Totoro
David Yu (2016)
digital illustration
Author’s note: The accompanying image features Totoro, one of my favorite childhood cartoons, in the beautiful city of Seattle, where the University of Washington is located.
I tilted the overhead lamp and reached for a fresh blade. My gown was stained from hours of work on the woman’s arm; I continued to scrape, dab and blot. This, however, was not surgery. I was finishing my final project for a college figure painting class. My fingers were smeared with paint, not blood, and I held a palette knife, not a scalpel. Nevertheless, I had spent hours of sweaty concentration at the studio, not unlike that needed every day on wards — as the human body is notoriously challenging either to portray in art or to treat in medicine.
I wanted to be an artist long before I wanted to become a doctor. While my classmates were going through the fireman, astronaut or paleontologist stage (okay, so I also had an astronaut stage), I wanted to be an animator for Disney-Pixar. This was the golden age of Saturday morning cartoons — Recess, Scooby Doo, Looney Tunes, all of which I tried to emulate on whatever scrap/non-scrap (I recall the occasional bank document) of paper was lying around. This hobby carried forth into school, where I drew charming versions of the classmates and teachers whose company I enjoyed and unflattering renditions of those I did not.

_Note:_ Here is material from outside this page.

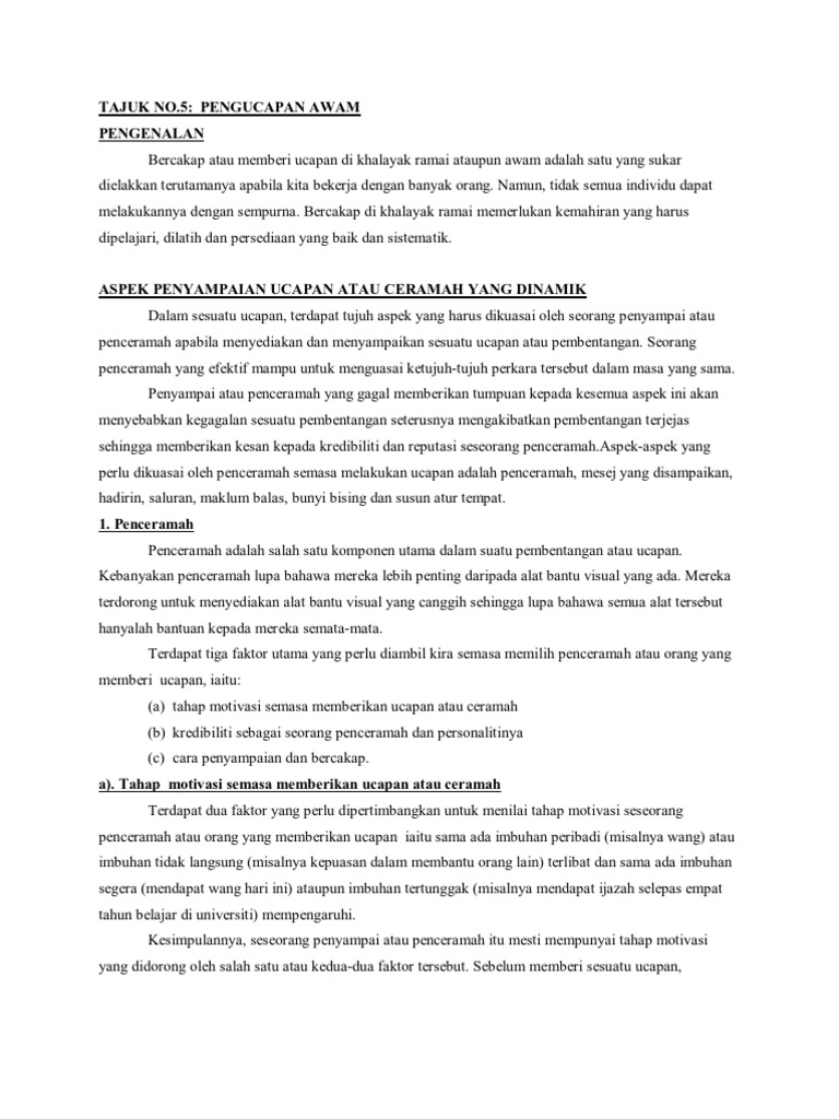 CARA PENYAMPAIAN UCAPAN. Check more flip ebooks related to PENGUCAPAN AWAM - KUMPULAN 10 of farhanimfadzilah01. ABSTRAK Penulisan ini memperkata mengenai perkara-perkara umum dalam penggunaan bahasa penentuan format pemilihan bahan seta tatacara penulisan dan penyampaian ceramah ucapan dan taklimat atau yang disebut perucapan yang merupakan.

Now, years later, I still find surprising parallels in how I approach art and patient care. Like medical records, I (begrudgingly) transitioned from paper to electronic as my medium of choice. While scrawling with a pen or brush on paper still feels nostalgic and is handy in a pinch, a digital platform (consisting of a drawing tablet connected to a laptop with illustration software) was much more practical. I had begun commission and publication work in college, and the ability to seamlessly make edits, fill out large swathes of color with a single click and having that all-important “Ctrl+Z” undo function was essential to getting projects done on time. I could pull up old works for reference and organize them into logical, hierarchical databases instead of boxes of papers filling up my room. To my surprise, I didn’t enjoy “cookie cutter” commission work very much, and found myself always looking for projects where I had the most artistic leeway. In a way, this is what drew me to medicine — while standard guidelines exist for treating most medical problems, the physician has full reign to adjust his or her approach in accordance to the patient’s specific anatomy, disease course and history.
Digital art today — whether in the form of animation, comic books or concept art — centers more on portraying a subject in a creative and engaging way for the audience to appreciate rather than as a manifesto of the artist’s own ego for the audience to interpret. While my personal style and quirks are apparent in each piece I create, they play supporting roles in creating a piece of work that makes people laugh, nod in understanding, or just gaze with curiosity. My aforementioned figure drawing has long been finished and spray-sealed, but I have many years of practice ahead of me in medicine. Just as my experience managing and understanding human disease will change, so too will my style and technique in art — I’m excited to see where both will lead me.